We all know that if $a$ and $n$ are coprime, then
$a^{\phi(n)} \equiv 1\quad(\text{mod}\ n)$
How can I generalize this to the case where $a$ and $n$ are not coprime? Is the following true?
$a^{k+\phi(n)} \equiv a^k\quad(\text{mod}\ n)$ for sufficiently large $k$?
Put $\rm\: b= 1\:$ in the following (cf. here which has many examples).

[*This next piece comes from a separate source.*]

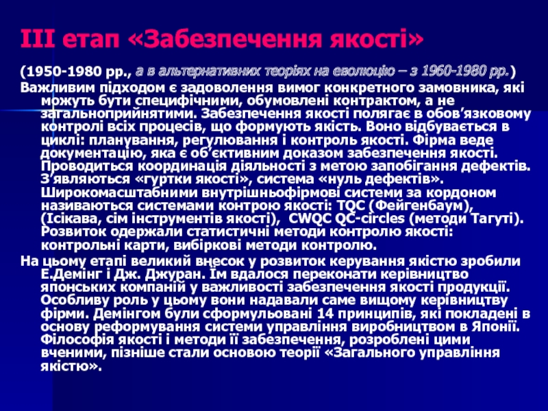 На цьому етапі великий внесок у розвиток керування якістю зробили Е.Демінг і Дж. Джуран. Їм вдалося переконати керівництво японських компаній у важливості забезпечення якості продукції. Особливу роль у цьому вони надавали саме вищому керівництву фірми. Демінгом були сформульовані 14 принципів, які покладені в основу реформування системи управління виробництвом в Японії. Філософія якості і методи її забезпечення, розроблені цими вченими, пізніше стали основою теорії «Загального управління якістю».

Theorem $ $ Suppose that $\rm\ n\in \mathbb N\ $ has the prime factorization $\rm\:n = p_1^{e_{\:1}}\cdots\:p_k^{e_k}\ $ and suppose that for all $\rm\:i:$ $\rm\ e_i\le e\ $ and $\rm\ \phi(p_i^{e_{\:i}})\ |\ f\:.\ $ Then $\rm\ n\ |\ (ab)^e\ (a^f-b^f\:)\ $ for all $\rm\: a,b\in \mathbb Z\:.$
Proof $ $ Note that if $\rm\ p_i\ |\ ab\ $ then $\rm\:p_i^{e_{\:i}}\ |\ (ab)^e\ $ by $\rm\ e_i \le e\:.\: $ Otherwise $\rm\:a\:$ and $\rm\:b\:$ are coprime to $\rm\: p_i\:$ thus by Euler's phi theorem, $\rm\ mod\ q = p_i^{e_{\:i}}:\: \ a^{\phi(q)}\equiv 1\equiv b^{\phi(q)}\: \Rightarrow\ a^f\equiv 1\equiv b^f\: $ by $\rm\: \phi(q)\ |\ f\:.\ $ Thus since all $\rm\ p_i^{e_{\:i}}\ |\ (ab)^e\ (a^f - b^f\:)\ $ so too does their lcm = product = $\rm\: n\:.\:$ $\quad$
Remark $ $ we can obtain smaller values of $\rm\:f\:$ by replacing $\rm\:\phi(p^k)\:$ by $\rm\:\lambda(p^k)\:,\:$ the (universal) exponent of the group $\rm\:\mathbb Z/{p^k}^*,\:$ a.k.a. the Carmichael function. $\:$ See my post here for more.